Он встал прямо против двери.
- Шел бы ты в лавку, - сказал он. - Если меня найдут, скажешь, что я
влез через люк.
Фил закрыл дверь и ушел, раздраженно побрякивая ключами, Фредди
расположился на матрасе и стал ждать.
Солдаты перевернули весь дом. Кляли на чем свет стоит мать Фредди,
которая на все их расспросы отвечала молчанием. Уволокли с собой, как он ни
упирался, отца Фредди. Произвели обыски и в других домах. Но вот уже
спустилась ночь, а солдаты еще рыскали по городу, и все понапрасну.
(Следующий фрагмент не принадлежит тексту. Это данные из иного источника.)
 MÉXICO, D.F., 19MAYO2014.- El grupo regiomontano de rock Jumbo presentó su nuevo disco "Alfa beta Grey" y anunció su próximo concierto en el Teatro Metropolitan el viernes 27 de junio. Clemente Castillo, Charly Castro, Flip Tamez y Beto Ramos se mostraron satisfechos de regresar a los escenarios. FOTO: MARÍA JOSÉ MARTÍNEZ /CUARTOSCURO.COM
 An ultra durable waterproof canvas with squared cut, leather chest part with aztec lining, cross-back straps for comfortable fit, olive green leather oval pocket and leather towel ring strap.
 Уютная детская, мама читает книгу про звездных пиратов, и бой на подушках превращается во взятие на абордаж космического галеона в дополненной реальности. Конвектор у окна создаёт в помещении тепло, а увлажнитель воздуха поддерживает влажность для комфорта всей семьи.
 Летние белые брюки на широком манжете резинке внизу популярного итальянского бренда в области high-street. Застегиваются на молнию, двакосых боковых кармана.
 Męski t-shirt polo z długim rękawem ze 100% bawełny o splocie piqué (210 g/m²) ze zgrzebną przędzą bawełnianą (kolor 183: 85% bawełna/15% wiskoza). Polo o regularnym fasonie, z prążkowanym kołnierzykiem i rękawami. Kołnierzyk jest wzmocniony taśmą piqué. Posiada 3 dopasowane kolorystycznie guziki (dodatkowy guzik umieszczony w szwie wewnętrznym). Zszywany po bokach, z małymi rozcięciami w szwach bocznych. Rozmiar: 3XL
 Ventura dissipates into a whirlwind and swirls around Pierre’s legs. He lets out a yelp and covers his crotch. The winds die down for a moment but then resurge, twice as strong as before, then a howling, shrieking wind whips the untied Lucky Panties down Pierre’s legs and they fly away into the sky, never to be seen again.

Когда они дошли до конца подземного хода, солнце уже спустилось, и
запах моря, как бывает по вечерам, чувствовался сильнее. Из заросшего
папоротниками отверстия заброшенного водостока открывался во всю ширь берег:
слева - маяк рядом с казармами, посреди - мили две чернильно-лиловой воды,
справа - вереница фонарей на прибрежной дороге, тусклыми желтыми пятнами
маячивших сквозь моросящий дождь. Терраса и Нилов дом, откуда шел ход, тоже
остались справа. В отцовой спальне горел свет. Нил никогда бы не спутал его
ни с каким другим. Когда он мальчонкой заигрывался и ночь застигала его на
берегу, он шел по еще мокрому после отлива песку прямиком на свет из
отцовского окна.
Они стояли неловко пригнувшись, чувствуя, как их обволакивает сырость,
а Нил все смотрел на свет, падавший из отцовского окна.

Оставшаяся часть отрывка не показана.